The works of Shakespeare have long since passed out of copyright so are now avaialale to download, in machine readable format, from the internet.
The initial aim of the project was to understand which actors appeared together in which scenes. If, for instance, you were putting on a production and needed to reherse and there were calendar constraints, which combinations of characters could you call upon? Or, if there were personality conflicts with your actors, which roles should you cast them in to minimize their interactions?

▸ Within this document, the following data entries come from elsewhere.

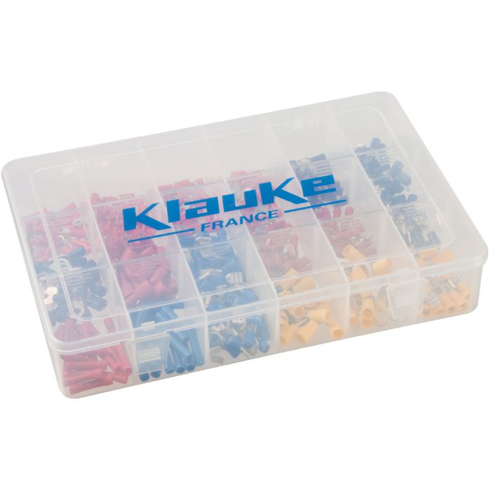 Compositions : - 30 cosses anneau 1,5 - M4, 1,5 - M5 - 30 cosses fourche 1,5 - C4 - 25 cosses anneau 1,5 - M6, 2,5 - M4, 2,5 - M5, 2,5 - M6 - 25 fiches plates femelles totalement isolées 6,35 x 1,5 - 25 fiches plates femelles 6,35 x 2,5, 2,8 x 1,5 - 25 fiches plates mâles 6,35 x 1,5 - 20 cosses fourche 2,5 - C5 - 20 manchons à butées 1,5 et 2,5 - 20 fiches plates femelles avec dérivation 6,35 x 2,5 - 15 cosses anneau 6 - M6, 6 - M8 - 15 fiches plates femelles 6,35 x 6.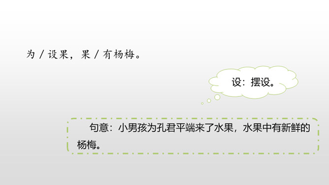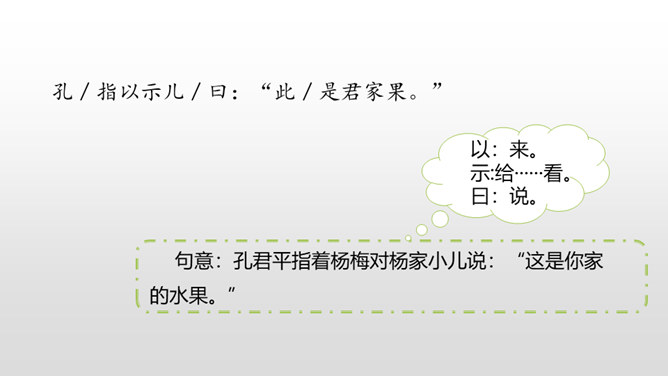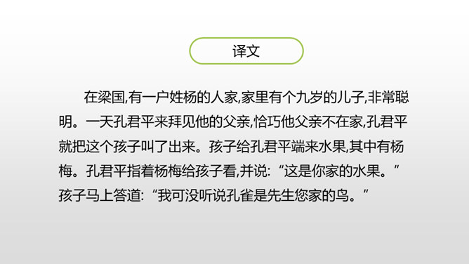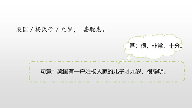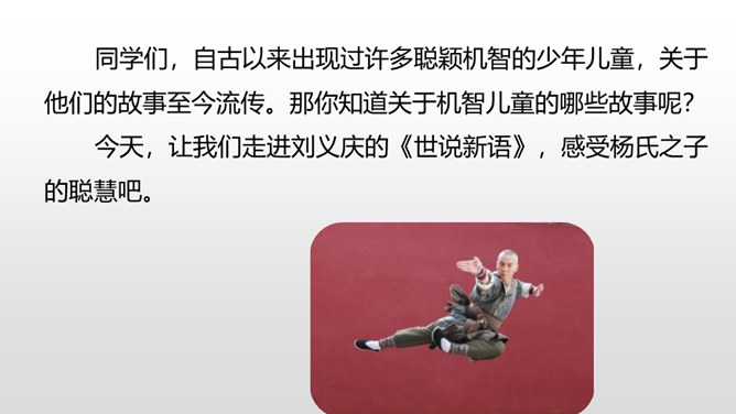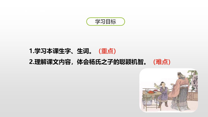 同学们,自古以来出现过许多聪颖机智的少年儿童,关于他们的故事至今流传。那你知道关于机智儿童的哪些故事呢?今天,让我们走进刘义庆的《世说新语》,感受杨氏之子的聪慧吧。认真读,圈出本课新词语,再思考:课文主要向我们介绍了什么?通读全文,说说文章讲了一件什么事?1.学习本课生字、生词。(重点)2.理解课文内容,体会杨氏之子的聪颖机智。(难点)所属专题:杨氏之子ppt。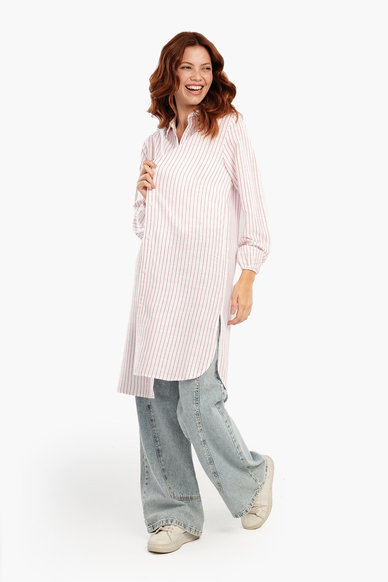 Effortlessly stylish and versatile, this shirt dress is a must-have for your wardrobe. Featuring a timeless striped pattern and a collared neck, it strikes the perfect balance between classic and contemporary. The button-down closure with a full placket offers a structured silhouette, while the long sleeves with elastic cuffs provide comfort and a touch of detail. Designed with a knee-length cut, round hem, and side slits, this dress flatters your figure while allowing easy movement. With its regular fit, it’s both chic and comfortable, ideal for various occasions.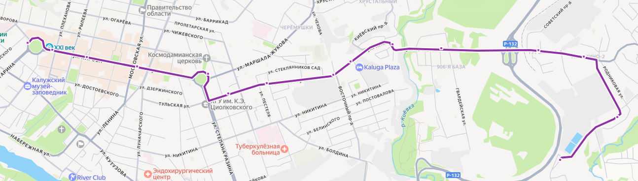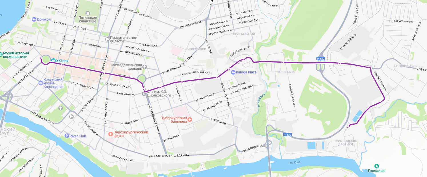 ТУРЫНИНСКИЕ ДВОРИКИ → ул. Родниковая → Турынино, ост. 2 → Турынино, ост. 1 → пос. 40 лет Октября → ул. Киёвка → Лесоторговая база → Пожарное депо → ул. Пестеля → ул. Фридриха Энгельса → пл. Победы → Кинотеатр Центральный → ТРЦ Рио → ТРК 21 век → СКВЕР МИРА

(The tragedy of) Romeo and Juliet
A quick parse of Romeo and Juliet reveals that there are 24 scenes in the play, and 34 players. These are listed below in the order of their first appearance in the play along with the number of words that each of them speaks.
| Player | # of spoken words |
|---|---|
| SAMPSON | 260 |
| GREGORY | 149 |
| ABRAHAM | 24 |
| BENVOLIO | 1153 |
| TYBALT | 262 |
| FIRST CITIZEN | 43 |
| CAPULET | 2123 |
| LADY CAPULET | 869 |
| MONTAGUE | 316 |
| LADY MONTAGUE | 28 |
| PRINCE | 585 |
| ROMEO | 4668 |
| PARIS | 539 |
| SERVANT | 183 |
| NURSE | 2208 |
| JULIET | 4263 |
| MERCUTIO | 2093 |
| FIRST SERVANT | 79 |
| SECOND SERVANT | 96 |
| SECOND CAPULET | 17 |
| FRIAR LAURENCE | 2728 |
| PETER | 245 |
| LADY CAPULET | 11 |
| FIRST MUSICIAN | 62 |
| SECOND MUSICIAN | 34 |
| MUSICIAN | 8 |
| THIRD MUSICIAN | 7 |
| BALTHASAR | 233 |
| APOTHECARY | 53 |
| FRIAR JOHN | 96 |
| PAGE | 82 |
| FIRST WATCHMAN | 135 |
| SECOND WATCHMAN | 9 |
| THIRD WATCHMAN | 26 |
The next stage is to plot the players on a graph. Each circle below represents one of the players. The size of the circle (area wise) represents the number of words spoken. The more words the player speaks, the larger the circle.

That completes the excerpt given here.